### RECORDS FOR THIS TASK
[Start of section]
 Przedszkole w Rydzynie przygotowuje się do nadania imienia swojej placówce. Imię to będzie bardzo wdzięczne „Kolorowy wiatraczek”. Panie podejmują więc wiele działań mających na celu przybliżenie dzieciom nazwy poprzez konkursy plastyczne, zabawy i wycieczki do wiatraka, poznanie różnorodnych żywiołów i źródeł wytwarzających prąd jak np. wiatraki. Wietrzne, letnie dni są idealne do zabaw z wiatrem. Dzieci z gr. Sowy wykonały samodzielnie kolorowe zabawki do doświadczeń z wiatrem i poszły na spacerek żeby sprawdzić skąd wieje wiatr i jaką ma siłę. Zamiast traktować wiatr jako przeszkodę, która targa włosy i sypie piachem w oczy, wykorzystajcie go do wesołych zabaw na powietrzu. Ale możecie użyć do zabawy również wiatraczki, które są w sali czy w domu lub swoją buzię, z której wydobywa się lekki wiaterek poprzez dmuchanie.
[End of section]
[Start of section]
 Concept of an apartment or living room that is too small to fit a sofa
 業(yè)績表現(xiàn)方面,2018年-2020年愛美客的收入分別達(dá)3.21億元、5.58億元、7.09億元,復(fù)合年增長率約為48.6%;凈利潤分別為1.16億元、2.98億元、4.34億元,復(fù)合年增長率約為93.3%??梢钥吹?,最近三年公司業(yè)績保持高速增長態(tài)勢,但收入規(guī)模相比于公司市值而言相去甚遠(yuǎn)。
[End of section]
[Start of section]
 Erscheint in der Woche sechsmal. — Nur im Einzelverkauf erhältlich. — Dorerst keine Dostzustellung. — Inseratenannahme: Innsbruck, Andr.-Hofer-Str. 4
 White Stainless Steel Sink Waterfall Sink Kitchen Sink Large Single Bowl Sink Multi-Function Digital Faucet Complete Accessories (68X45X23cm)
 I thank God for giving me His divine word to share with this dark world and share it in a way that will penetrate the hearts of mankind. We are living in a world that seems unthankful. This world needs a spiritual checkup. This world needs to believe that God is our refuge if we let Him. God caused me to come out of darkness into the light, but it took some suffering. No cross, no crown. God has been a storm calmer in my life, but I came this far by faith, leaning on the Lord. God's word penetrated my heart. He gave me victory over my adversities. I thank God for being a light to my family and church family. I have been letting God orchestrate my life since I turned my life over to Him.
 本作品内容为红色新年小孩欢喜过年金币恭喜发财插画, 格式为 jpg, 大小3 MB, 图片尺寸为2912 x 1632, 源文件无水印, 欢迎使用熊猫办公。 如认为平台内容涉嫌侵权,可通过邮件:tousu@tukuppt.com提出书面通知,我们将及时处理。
[End of section]
### ASSIGNMENT
Your task is to restate, word for word, only those lines above that fall between the line holding "Concept of an" and the line holding "業(yè)績表現(xiàn)", inclusive.

### FINISHED TASK
 Concept of an apartment or living room that is too small to fit a sofa
 業(yè)績表現(xiàn)方面,2018年-2020年愛美客的收入分別達(dá)3.21億元、5.58億元、7.09億元,復(fù)合年增長率約為48.6%;凈利潤分別為1.16億元、2.98億元、4.34億元,復(fù)合年增長率約為93.3%??梢钥吹?,最近三年公司業(yè)績保持高速增長態(tài)勢,但收入規(guī)模相比于公司市值而言相去甚遠(yuǎn)。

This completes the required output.